It wasn’t long ago that bed bugs were just an uncomfortable memory from a bygone era. However, the blood-sucking critters have recently staged a remarkable comeback, and with it new industries have emerged with the aim of tracking and eradicating the irritating pests. Vincent Harraca from Lund University, Sweden, explains that traps could be used to monitor bed bug infestations, ‘but so far the traps are not efficient because we do not know how to attract bedbugs into them’, he says. Human odour is complex, containing as many as 400 different components, and as no one had identified the key components that attract the insects to home in on juicy victims, Harraca, Camilla Ryne, Göran Birgersson and Rickard Ignell decided to find out which compounds in human odour are irresistible to bed bugs (p. 623).
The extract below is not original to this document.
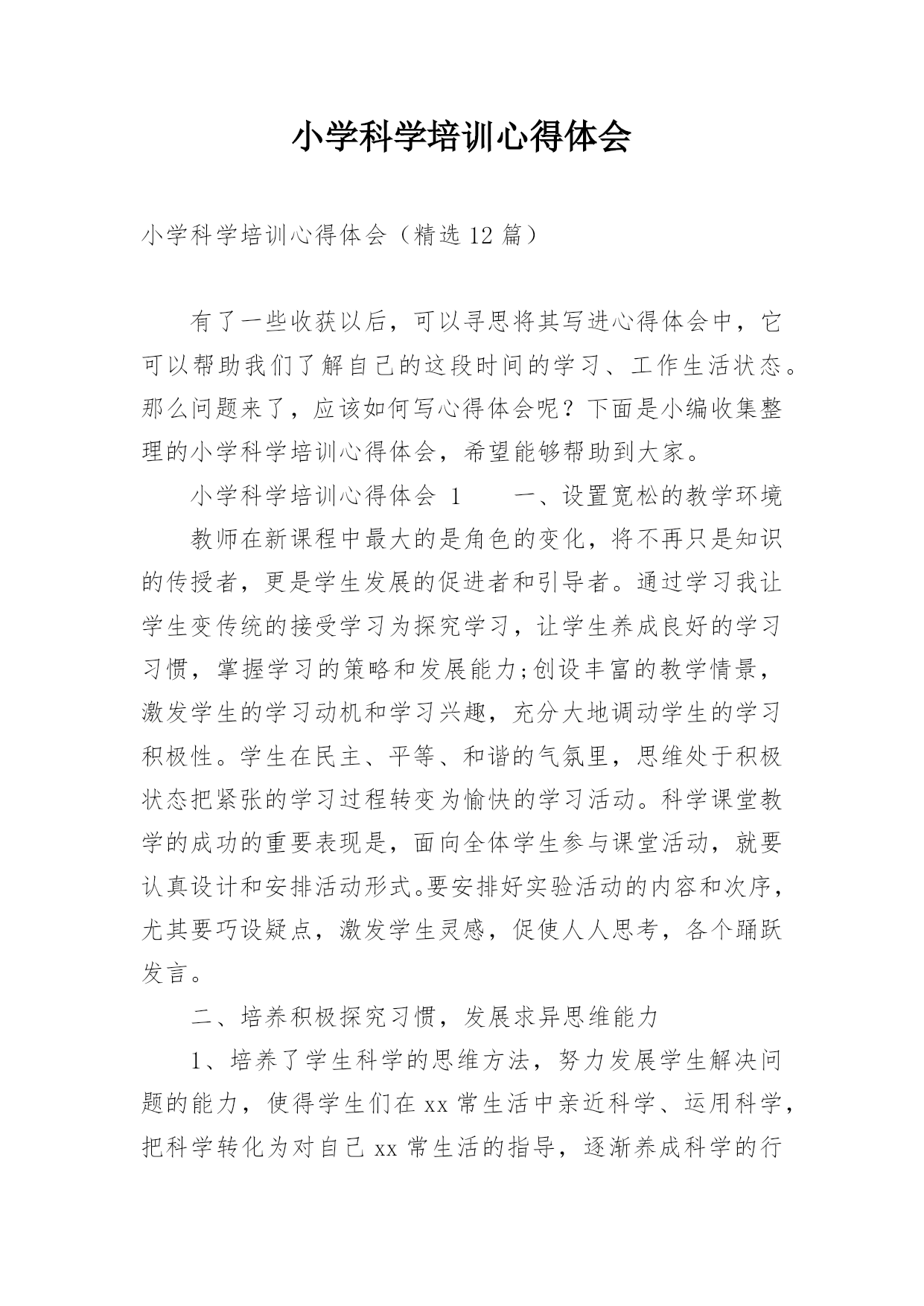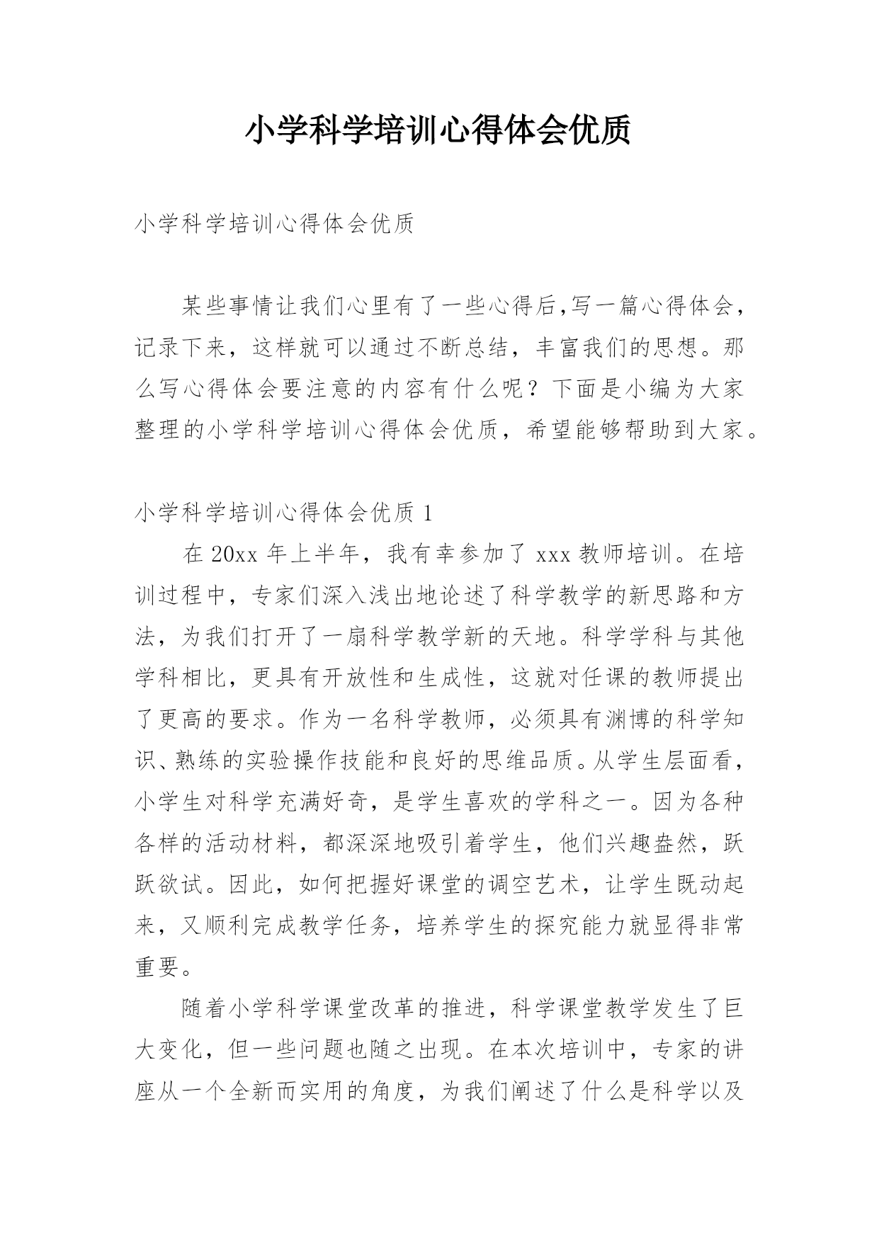小学科学培训心得体会优质小学科学培训心得体会优质某些事情让我们心里有了一些心得后,写一篇心得体会,记录下来,这样就可以通过不断总结,丰富我们的思想。那么写心得体会要注意的内容有什么呢?下面是小编为大家整理的小学科学培训心得体会优质,希望能够帮助到大家。小学科学培训心得体会优质1在20xx年上半年,我有幸参加了xxx教师培训。在培训过程中,专家们深入浅出地论述了科学教学的新思路和方法,为我们打开了一扇科学教学新的天地。科学学科与其他学科相比,更具有开放性和生成性,这就对任课的教师提出了更高的要求。作为一名科

But Harraca’s first challenge was to collect samples of human odours, ‘And to do that you need bags that do not release any smell’, explains Harraca. ‘The best ones are oven bags for roasting chicken or turkey, but they do not make human-sized oven bags’, he chuckles. Resourcefully heat-sealing the transparent bags together, Harraca was then faced with another dilemma: convincing his volunteers to climb inside them naked for 2.5 h while he collected their odours on filters. Having successfully collected samples from eight volunteers, Harraca teamed up with Birgersson to isolate the individual components constituting each odour. Then he tested which odours the insect could sense by recording the electrical activity in the insect’s odour receptors with a tungsten electrode.
Having isolated 100 different compounds from the human odour samples, Harraca admits that he was surprised to see that the insects only responded to five. And when he identified the compounds – four aldehydes and a ketone (sulcatone) – he was even more surprised, because these compounds are emitted by the skins of all vertebrates. He admits that the team had thought that the insects would react to scents such as geranyl acetone and lactic acid that are produced by humans in large quantities. However, instead of specifically sniffing out people, bed bugs are happy to sniff out any warm blooded creature to snack on.
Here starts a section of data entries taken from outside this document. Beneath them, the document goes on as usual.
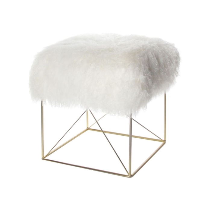 Bring high end style and luxury into your home with the Bagley ottoman, combining hard crisp lines of tubular and rectangular gold painted metal with campaign style feel and the softness and visual appeal of Tibet wool. This accent piece will surely be a topic of discussion, as well as a place for comfort. Bring your home the trendiest piece and free yourself to seat on a cloud.
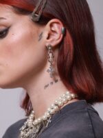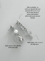 O elo lisérgico está super presente por aqui nas novas peças e nós amamos o charme que ele dá. Na vibe assimétrica que amamos, esse brinco tem um tamanho médio e mistura a delicadeza da pérola e da cruz brilhante com o mood alternativo da Rocket ball e do elo lisérgico. Além de tudo, tem um ponto de luz em cada base, deixando a peça mais linda ainda. Gostou do piercing fake? clique aqui para encontrar.
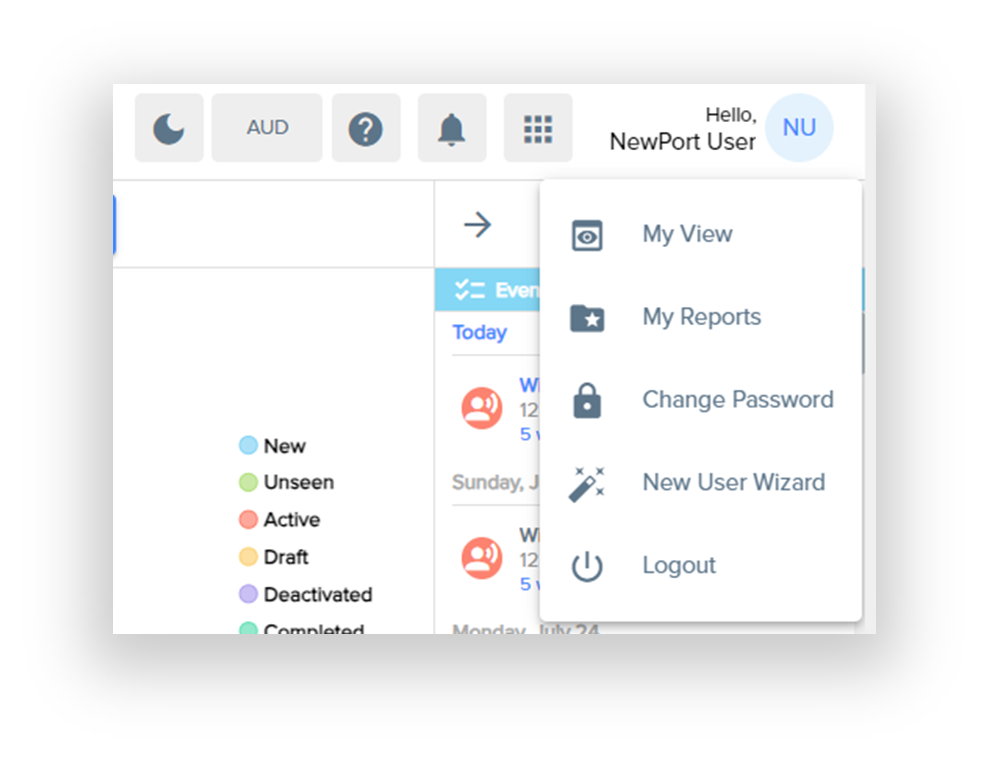 - The default view is the Dashboard but you can drop down and select any of the other Activities for more of a focused view

The team then decided to find out how natural human odour affects the blood sucking insects’ behaviour. Constructing a double-decker arena from Petri dishes, Harraca placed a semi-circle of filter paper soaked in body odour in one side of the lower chamber of the arena and then allowed a bed bug to explore the odour in the upper chamber for 7 min while he filmed its movements.
Realising that the bed bugs were repulsed by the most concentrated odour samples, Harraca repeated the process with more dilute body odours and found that the insects were not strongly attracted to human scents alone. Explaining that they are also attracted to warmth and carbon dioxide, he suggests that bed bugs are guided by a combination of senses to locate slumbering victims. Harraca also suspects that the relative proportions of ketones and aldehydes in an individual’s scent might alter their attractiveness for bed bugs as the pests were more motivated to explore one person’s odour, which differed subtly from the others.